** Opening DATASET ENTRIES block **
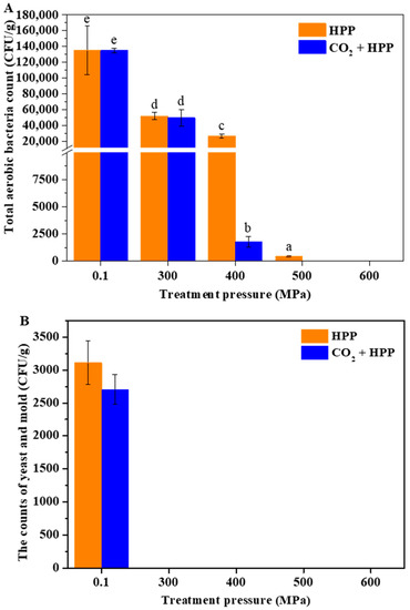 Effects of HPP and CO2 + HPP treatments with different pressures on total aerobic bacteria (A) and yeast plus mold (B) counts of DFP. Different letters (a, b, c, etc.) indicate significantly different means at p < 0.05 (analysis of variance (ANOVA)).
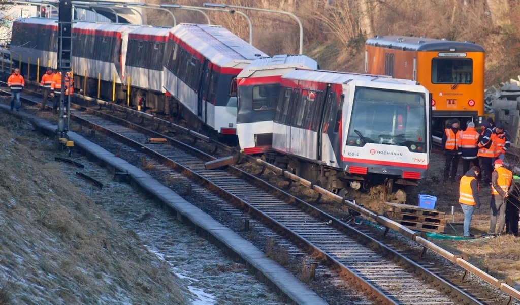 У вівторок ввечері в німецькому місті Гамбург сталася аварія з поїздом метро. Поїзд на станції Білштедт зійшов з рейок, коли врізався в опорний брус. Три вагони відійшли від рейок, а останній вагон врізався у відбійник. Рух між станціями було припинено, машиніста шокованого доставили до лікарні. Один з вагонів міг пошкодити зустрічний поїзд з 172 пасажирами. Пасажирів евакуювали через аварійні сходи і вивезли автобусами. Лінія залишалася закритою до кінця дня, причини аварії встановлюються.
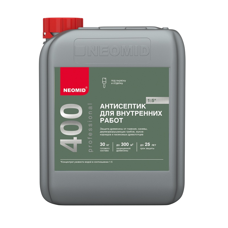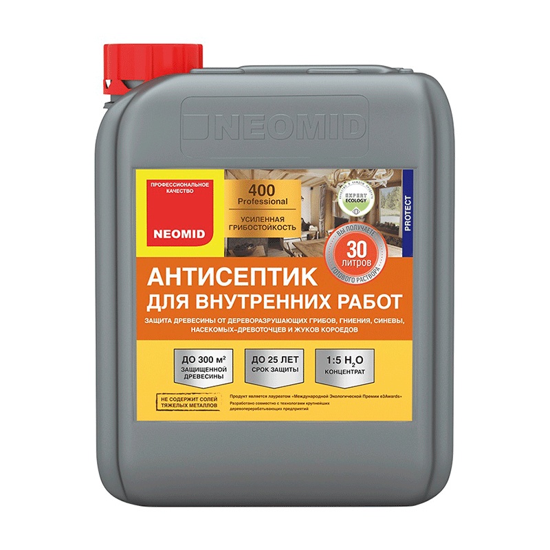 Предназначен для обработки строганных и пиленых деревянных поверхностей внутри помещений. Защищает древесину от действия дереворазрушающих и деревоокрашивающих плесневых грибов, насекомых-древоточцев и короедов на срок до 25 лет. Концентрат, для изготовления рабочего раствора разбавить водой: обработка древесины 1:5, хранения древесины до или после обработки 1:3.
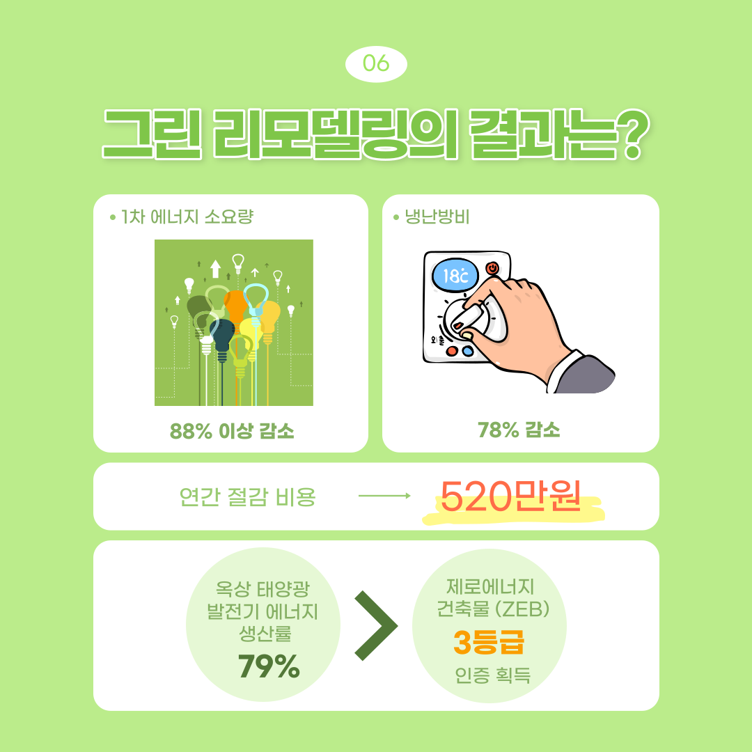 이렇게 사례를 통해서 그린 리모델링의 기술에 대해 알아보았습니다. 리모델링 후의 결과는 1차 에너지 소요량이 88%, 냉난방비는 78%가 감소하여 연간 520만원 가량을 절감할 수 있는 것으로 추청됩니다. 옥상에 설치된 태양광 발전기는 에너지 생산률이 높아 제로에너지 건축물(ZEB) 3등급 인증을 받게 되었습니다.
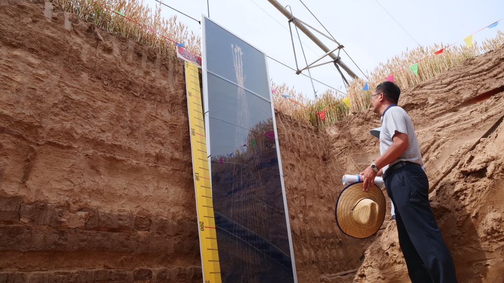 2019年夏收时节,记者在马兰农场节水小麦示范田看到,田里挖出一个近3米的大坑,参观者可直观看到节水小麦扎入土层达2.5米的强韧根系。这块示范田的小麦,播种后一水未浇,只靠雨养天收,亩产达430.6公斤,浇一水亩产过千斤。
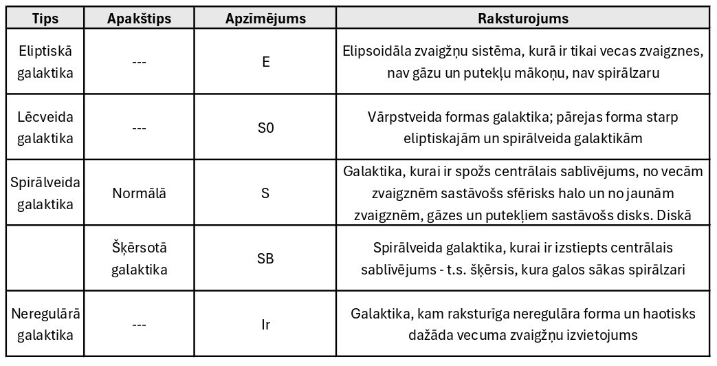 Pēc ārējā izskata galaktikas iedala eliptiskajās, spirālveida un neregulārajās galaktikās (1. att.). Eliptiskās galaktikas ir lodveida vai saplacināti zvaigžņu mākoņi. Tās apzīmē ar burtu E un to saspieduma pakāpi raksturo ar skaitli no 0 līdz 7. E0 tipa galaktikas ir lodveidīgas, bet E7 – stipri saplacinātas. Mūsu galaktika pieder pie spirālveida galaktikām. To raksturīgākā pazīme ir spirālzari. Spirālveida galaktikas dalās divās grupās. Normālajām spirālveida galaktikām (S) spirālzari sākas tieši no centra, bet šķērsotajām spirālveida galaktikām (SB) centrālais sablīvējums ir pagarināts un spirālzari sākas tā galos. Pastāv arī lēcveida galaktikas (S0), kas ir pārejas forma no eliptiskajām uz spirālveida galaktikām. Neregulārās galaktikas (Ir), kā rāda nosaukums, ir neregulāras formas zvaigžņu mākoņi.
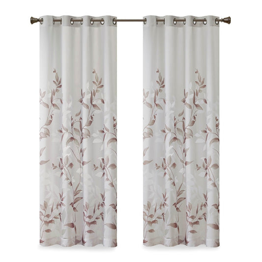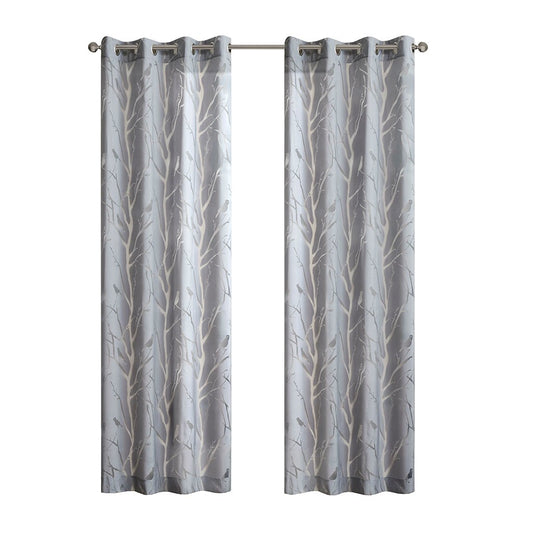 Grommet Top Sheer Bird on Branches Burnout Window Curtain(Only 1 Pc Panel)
** Closing DATASET ENTRIES block **
** Opening DATASET ENTRIES block **
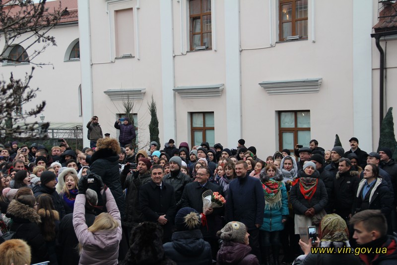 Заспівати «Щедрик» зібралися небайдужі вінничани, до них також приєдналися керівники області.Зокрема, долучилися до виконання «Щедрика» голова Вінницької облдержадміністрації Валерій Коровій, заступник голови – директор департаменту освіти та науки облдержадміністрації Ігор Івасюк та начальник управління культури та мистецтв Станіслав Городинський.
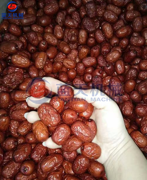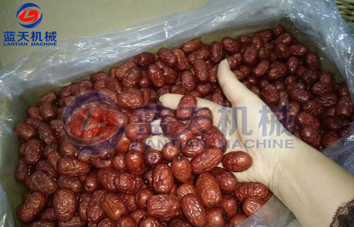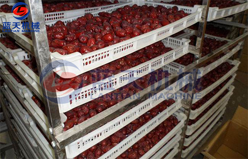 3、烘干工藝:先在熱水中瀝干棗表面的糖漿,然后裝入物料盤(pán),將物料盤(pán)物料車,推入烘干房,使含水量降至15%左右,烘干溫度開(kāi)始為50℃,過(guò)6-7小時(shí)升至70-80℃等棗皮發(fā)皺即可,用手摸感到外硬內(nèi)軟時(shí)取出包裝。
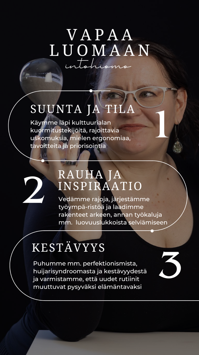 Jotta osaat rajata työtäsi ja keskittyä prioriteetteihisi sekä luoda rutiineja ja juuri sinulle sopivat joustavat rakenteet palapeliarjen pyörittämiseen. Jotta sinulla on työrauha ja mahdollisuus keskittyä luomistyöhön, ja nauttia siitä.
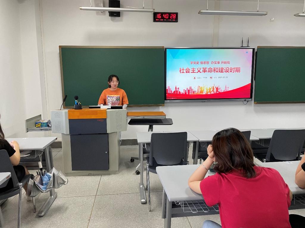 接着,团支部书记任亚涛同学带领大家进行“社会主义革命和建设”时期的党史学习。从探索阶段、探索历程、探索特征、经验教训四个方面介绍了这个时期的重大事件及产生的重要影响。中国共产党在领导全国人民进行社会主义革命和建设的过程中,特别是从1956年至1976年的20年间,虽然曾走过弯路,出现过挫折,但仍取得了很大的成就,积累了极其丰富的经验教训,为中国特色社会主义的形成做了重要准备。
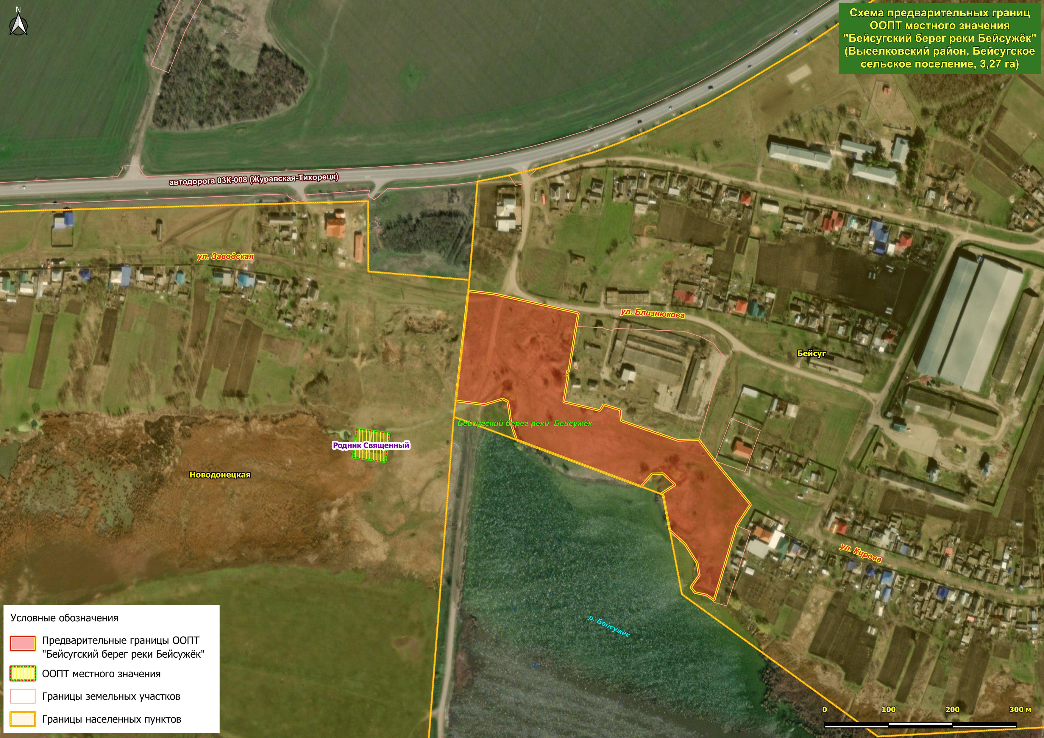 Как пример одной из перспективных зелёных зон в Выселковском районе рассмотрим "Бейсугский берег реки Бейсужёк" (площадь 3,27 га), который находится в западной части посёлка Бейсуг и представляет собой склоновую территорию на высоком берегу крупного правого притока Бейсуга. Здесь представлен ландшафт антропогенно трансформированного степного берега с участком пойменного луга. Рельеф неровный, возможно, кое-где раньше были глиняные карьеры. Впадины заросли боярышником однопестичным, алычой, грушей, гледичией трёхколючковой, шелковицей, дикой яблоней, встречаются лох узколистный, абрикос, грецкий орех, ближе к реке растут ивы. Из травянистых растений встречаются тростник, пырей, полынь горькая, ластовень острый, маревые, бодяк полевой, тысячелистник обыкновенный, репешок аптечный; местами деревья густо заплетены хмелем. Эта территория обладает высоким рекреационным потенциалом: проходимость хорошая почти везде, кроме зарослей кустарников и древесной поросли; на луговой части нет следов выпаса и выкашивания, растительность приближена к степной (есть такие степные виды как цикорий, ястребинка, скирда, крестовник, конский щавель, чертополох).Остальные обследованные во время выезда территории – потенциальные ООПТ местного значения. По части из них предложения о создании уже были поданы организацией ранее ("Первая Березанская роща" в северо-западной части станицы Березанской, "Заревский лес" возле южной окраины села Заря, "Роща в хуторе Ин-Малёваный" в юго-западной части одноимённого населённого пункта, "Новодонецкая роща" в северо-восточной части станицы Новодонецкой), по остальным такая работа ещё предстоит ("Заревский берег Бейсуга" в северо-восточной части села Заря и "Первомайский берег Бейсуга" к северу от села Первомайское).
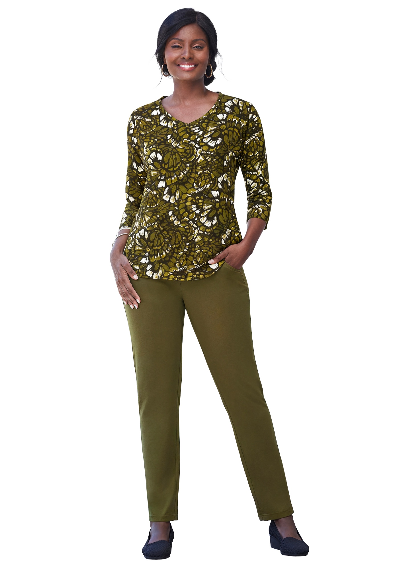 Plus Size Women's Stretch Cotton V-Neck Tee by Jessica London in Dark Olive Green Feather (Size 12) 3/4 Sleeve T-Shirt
** Closing DATASET ENTRIES block **
** Opening DATASET ENTRIES block **
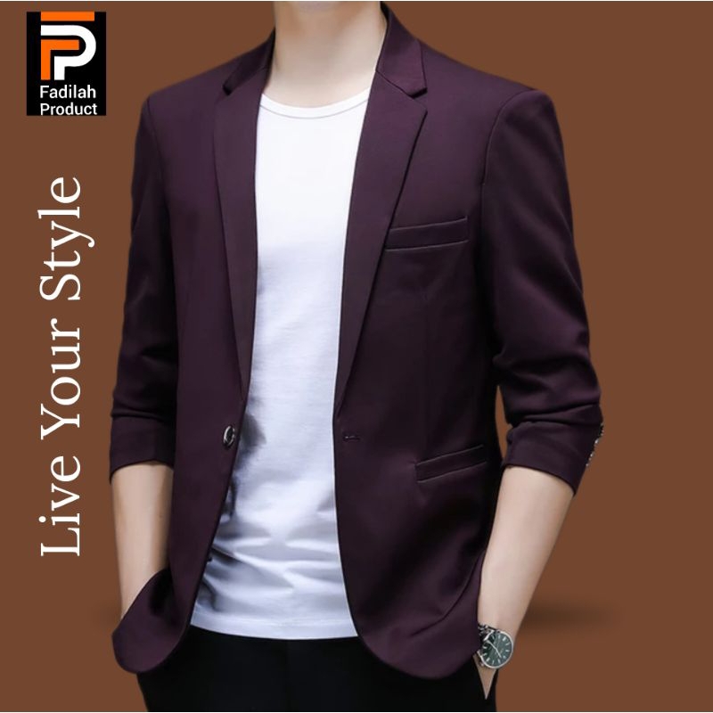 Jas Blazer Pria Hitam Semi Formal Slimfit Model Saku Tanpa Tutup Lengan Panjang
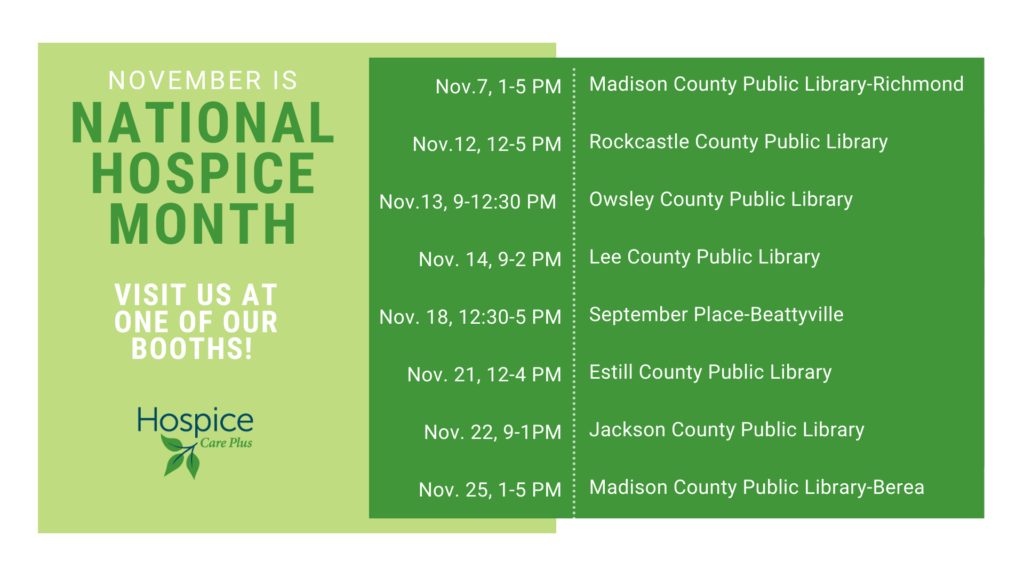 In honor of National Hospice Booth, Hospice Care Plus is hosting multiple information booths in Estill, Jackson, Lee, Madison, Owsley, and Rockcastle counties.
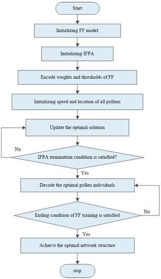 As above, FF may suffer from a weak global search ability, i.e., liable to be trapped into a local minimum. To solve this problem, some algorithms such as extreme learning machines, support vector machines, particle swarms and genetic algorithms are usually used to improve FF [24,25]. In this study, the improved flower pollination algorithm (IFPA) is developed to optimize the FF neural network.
** Closing DATASET ENTRIES block **
Transcribe, word for word, the stretch of lines in the data above from the one with "Effects of HPP" through the one with "У вівторок ввечері"; omit all pictures.

_EXERCISE ANSWER_:
 Effects of HPP and CO2 + HPP treatments with different pressures on total aerobic bacteria (A) and yeast plus mold (B) counts of DFP. Different letters (a, b, c, etc.) indicate significantly different means at p < 0.05 (analysis of variance (ANOVA)).
 У вівторок ввечері в німецькому місті Гамбург сталася аварія з поїздом метро. Поїзд на станції Білштедт зійшов з рейок, коли врізався в опорний брус. Три вагони відійшли від рейок, а останній вагон врізався у відбійник. Рух між станціями було припинено, машиніста шокованого доставили до лікарні. Один з вагонів міг пошкодити зустрічний поїзд з 172 пасажирами. Пасажирів евакуювали через аварійні сходи і вивезли автобусами. Лінія залишалася закритою до кінця дня, причини аварії встановлюються.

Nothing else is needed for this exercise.